### DATA SHOWN
■ ■ ■ ■ ■ ■ ■

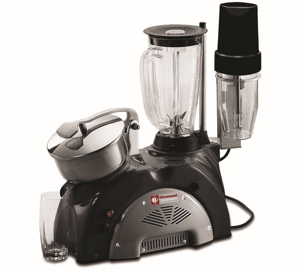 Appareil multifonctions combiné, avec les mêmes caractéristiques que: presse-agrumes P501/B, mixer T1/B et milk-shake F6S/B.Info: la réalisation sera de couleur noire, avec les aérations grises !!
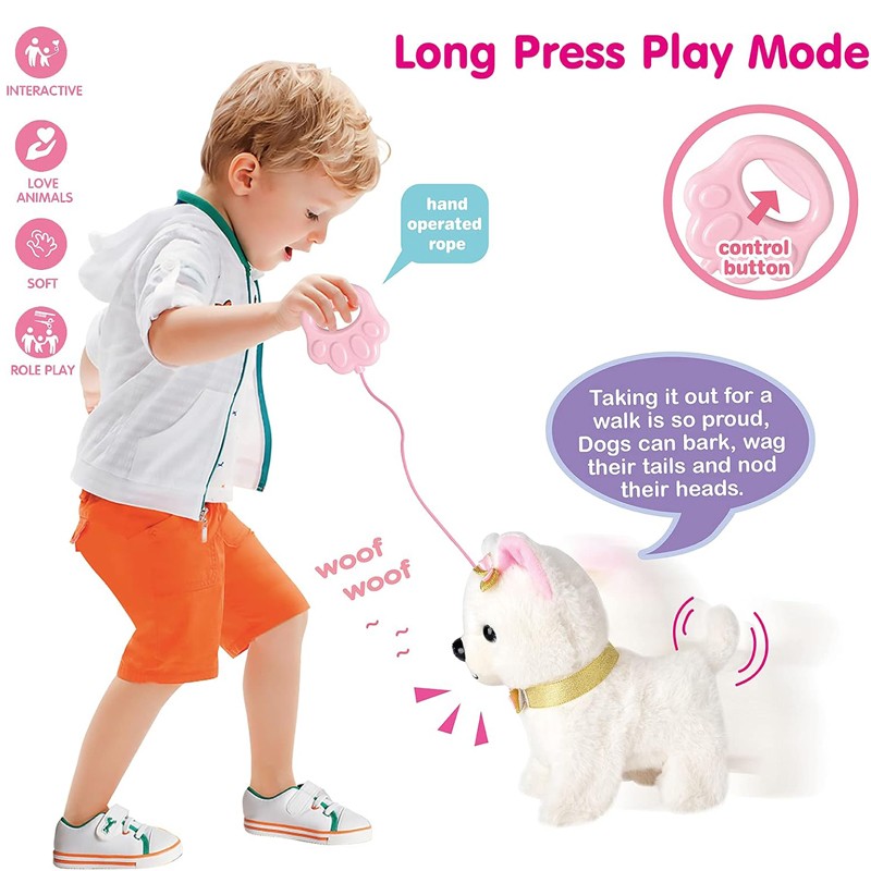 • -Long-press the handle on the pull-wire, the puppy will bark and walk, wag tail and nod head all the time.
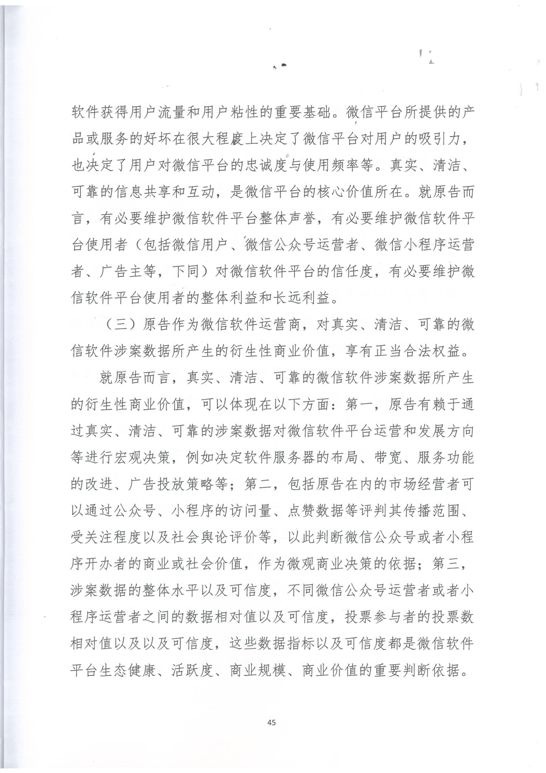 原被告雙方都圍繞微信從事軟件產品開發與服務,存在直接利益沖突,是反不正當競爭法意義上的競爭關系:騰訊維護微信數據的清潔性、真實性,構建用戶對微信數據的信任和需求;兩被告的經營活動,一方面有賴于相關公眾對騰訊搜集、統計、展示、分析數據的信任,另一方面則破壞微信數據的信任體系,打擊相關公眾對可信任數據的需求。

■ ■ ■ ■ ■ ■ ■

### WHAT YOU WILL DO
The listing above must be given again exactly, minus its pictures.

### EXERCISE OUTPUT
 Appareil multifonctions combiné, avec les mêmes caractéristiques que: presse-agrumes P501/B, mixer T1/B et milk-shake F6S/B.Info: la réalisation sera de couleur noire, avec les aérations grises !!
 • -Long-press the handle on the pull-wire, the puppy will bark and walk, wag tail and nod head all the time.
 原被告雙方都圍繞微信從事軟件產品開發與服務,存在直接利益沖突,是反不正當競爭法意義上的競爭關系:騰訊維護微信數據的清潔性、真實性,構建用戶對微信數據的信任和需求;兩被告的經營活動,一方面有賴于相關公眾對騰訊搜集、統計、展示、分析數據的信任,另一方面則破壞微信數據的信任體系,打擊相關公眾對可信任數據的需求。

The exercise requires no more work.